Plaintiff applied to the Director of the Division of Taxation for a sales tax refund in connection with taxes it had paid during the construction of a senior citizen housing project in the Town of Newton in Sussex County. The Director denied plaintiff’s claim for refund and this action followed.

The parties stipulated the facts. The real property on which the housing project was later built was purchased by the Newton Housing Authority in 1971. The Authority decided to build an 80-unit, low-income senior citizen apartment complex on.the property on a basis known by the U. S. Department of Housing and Urban Development as “turnkey construction.” The name “turnkey” is apparently a shorthand reference derived from the practice of a local housing authority paying the developer upon completion of construction and upon his “turning over of the keys.” See Lehigh Constr. Co. v. Orange Housing Auth., 56 N.J. 447, 450, 267 A.2d 41 (1970).

In its Turnkey Handbook, HUD describes turnkey construction in these general terms:

Under the Turnkey method, a developer or builder who owns a site or an option, or can obtain one, may submit, in response to an invitation from a Local Housing Authority (LHA), a proposal to build housing of good design, quality, and workmanship for low-income families. If the developer’s proposal is accept[232]*232able to the LHA and [HUD], the LHA will enter into a Contract of Sale under which the LHA agrees to purchase the completed development.
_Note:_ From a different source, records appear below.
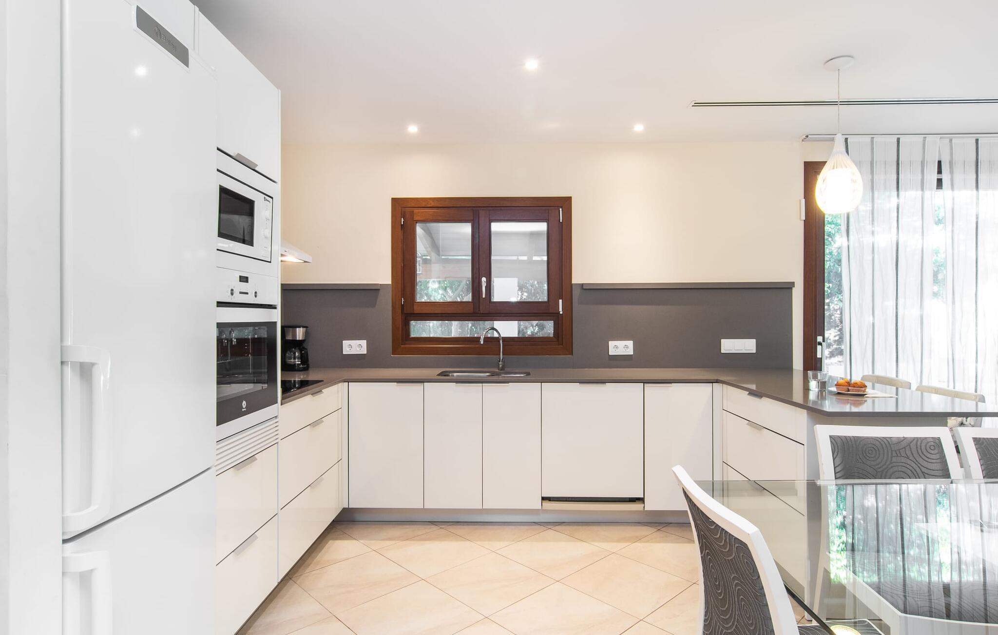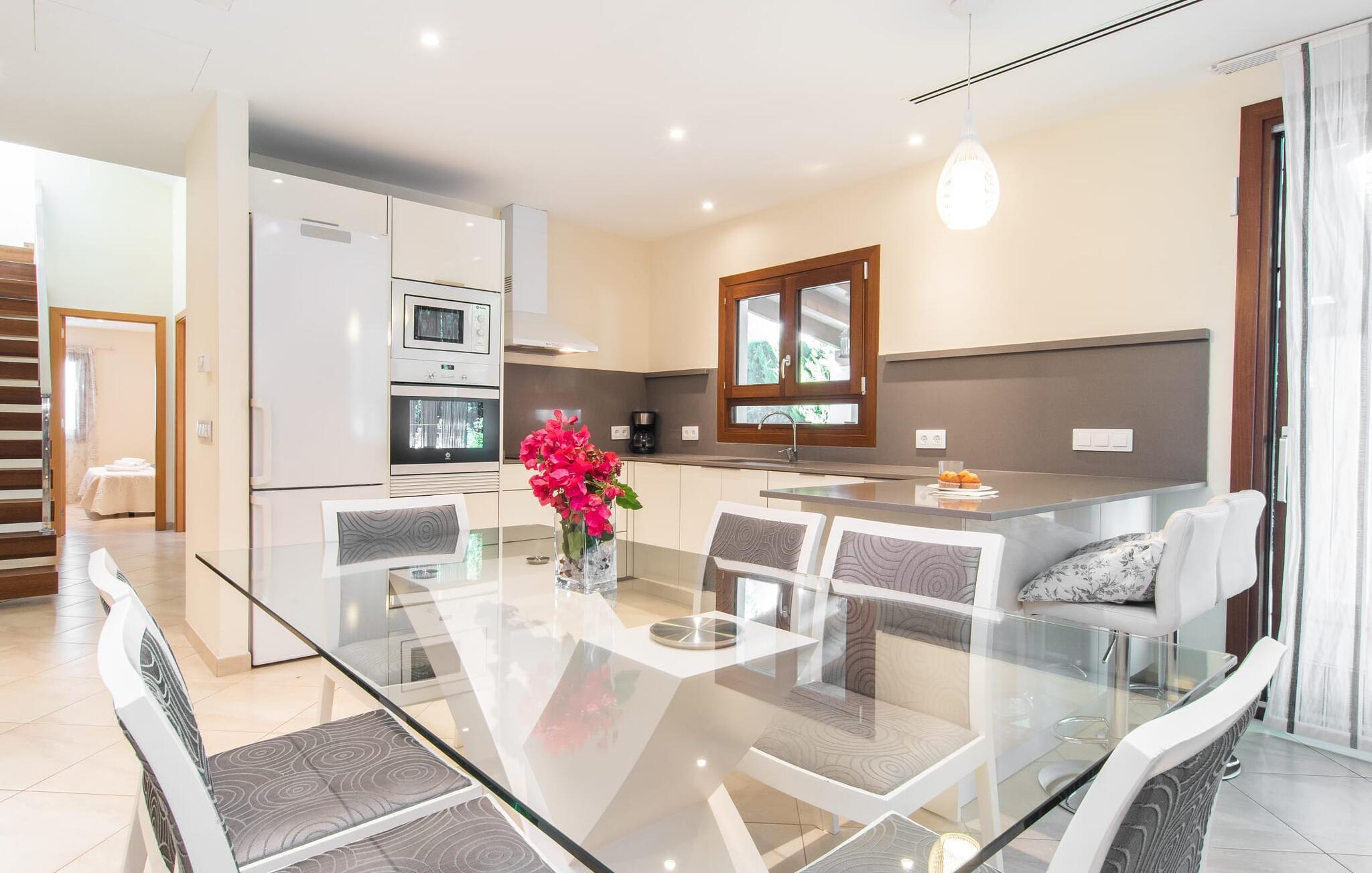 Das Innere der Villa ist so entspannt wie ihre Lage, mit hellen Bodenfliesen und sanfter, stimmungsvoller Beleuchtung. Der offene Wohn-, Ess- und Küchenbereich ist geräumig und vielseitig einsetzbar. Die Küche ist komplett ausgestattet, und die Theke im amerikanischen Stil mit Barhockern sorgt für ein geselliges Erlebnis zur Selbstverpflegung. Im Erdgeschoss befinden sich zwei Doppelzimmer, eines mit eigenem Bad, während sich ein drittes Schlafzimmer im Obergeschoss befindet, ebenfalls mit eigenem Bad. Die Fußbodenheizung der Villa sorgt das ganze Jahr über für Komfort und macht "Es Baladre Beach" auch in den milden Wintermonaten zu einem perfekten Reiseziel.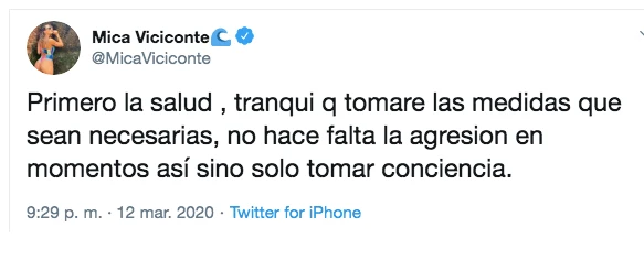 Con alto perfil de las redes sociales, no dejó pasar los comentarios de los haters que la criticaron por su viaje en medio de la pandemia por el coronavirus, y tuiteó: “Primero la salud, tranqui que tomaré las medidas que sean necesarias, no hace falta la agresión en momentos así sino solo tomar conciencia”.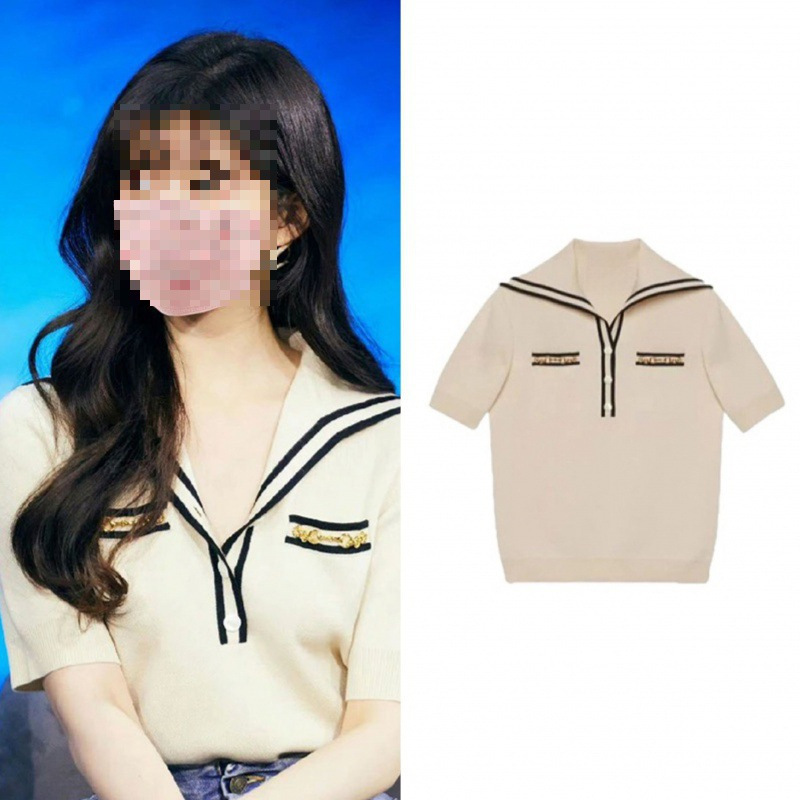 | nameOriginal | Zhao Lusi same style light khaki navy collar T-shirt 2023 Summer new half open collar short sleeve pullover top |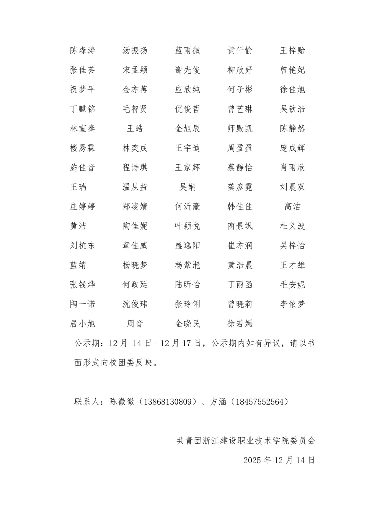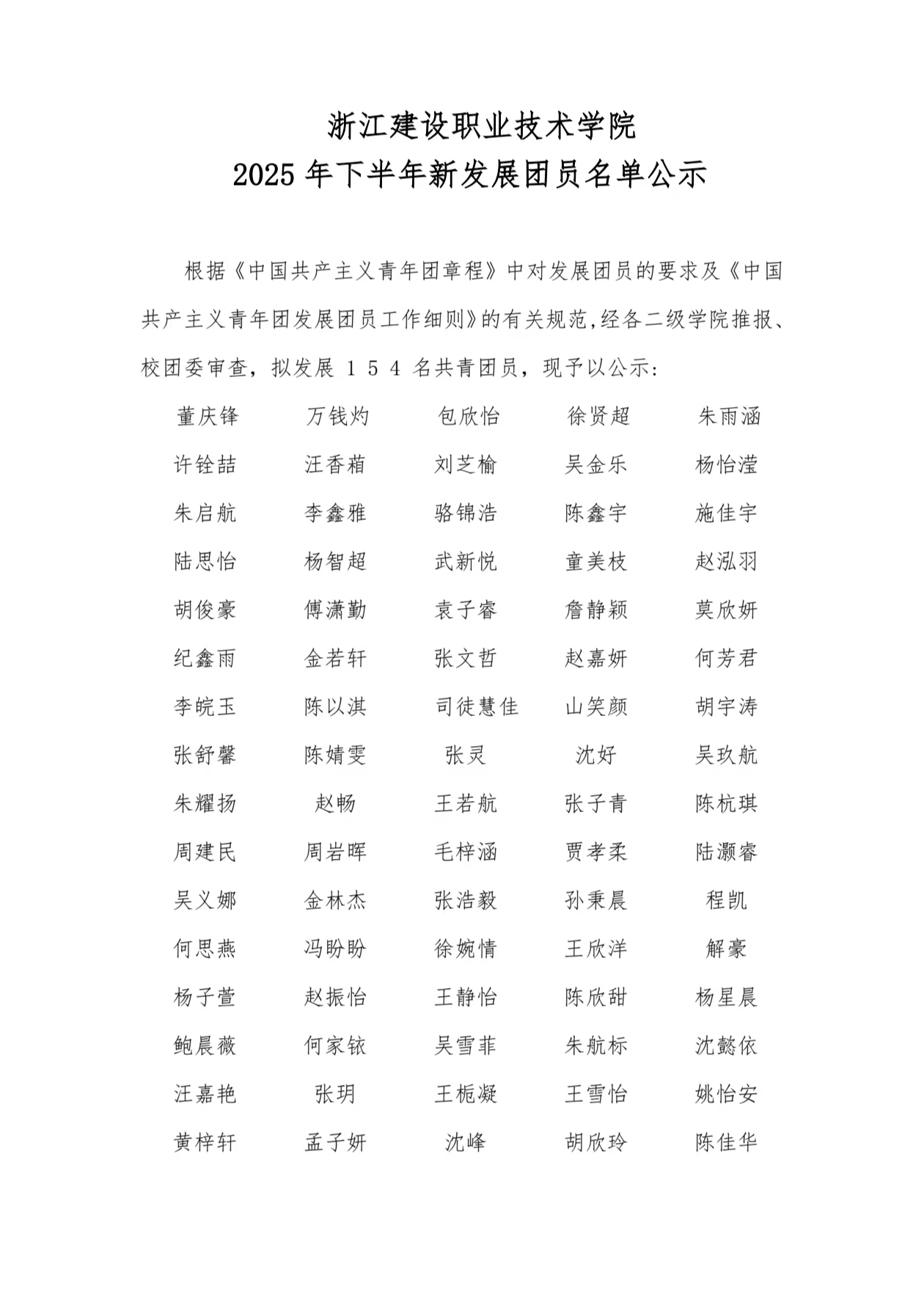 浙江建设职业技术学院2025年下半年新发展团员名单公示

This contract will be backed up by the financial assistance commitment of the United States of America, acting through HUD, to the LHA. .., and it will enable the developer to secure commercial construction financing in his usual way.

Plaintiff, a construction company, entered into a joint venture to build the housing project with a developer named Weiner. On March 30, 1973 Weiner and the Housing Authority executed a contract of sale of the type referred to in the HUD Turnkey Handbook, quoted above. On April 13, 1973 the Housing Authority conveyed title to the vacant land to Weiner for $113,488. The obvious reason for this transfer was so that Weiner would own the site prior to the start of construction, as required by HUD. Plaintiff thereupon constructed the apartment complex. On September 11, 1974 Weiner conveyed title to the premises back to the Housing Authority for a sale price of $1,864,489. During the period of June 1, 1973 to June 30, 1974 plaintiff contractor paid sales taxes in the amount of $12,395.55 on purchases it made in connection with its construction of the project. It is these taxes for which plaintiff seeks a refund in this proceeding.

Plaintiff argues that it is entitled to the refund because the transactions that were taxed should have been exempt pursuant to N.J.S.A. 54:32B-8.221, which provides in part as follows:

Receipts from sales made to contractors, subcontractors or repairmen of materials, supplies or services for exclusive use in erecting structures or building on, or otherwise improving, altering or repairing real property of organizations described in subsections (a) and (b) of section 9 of the Sales and Use Tax Act (C.54:32B-9) are exempt from the tax im|)osed under that act. ...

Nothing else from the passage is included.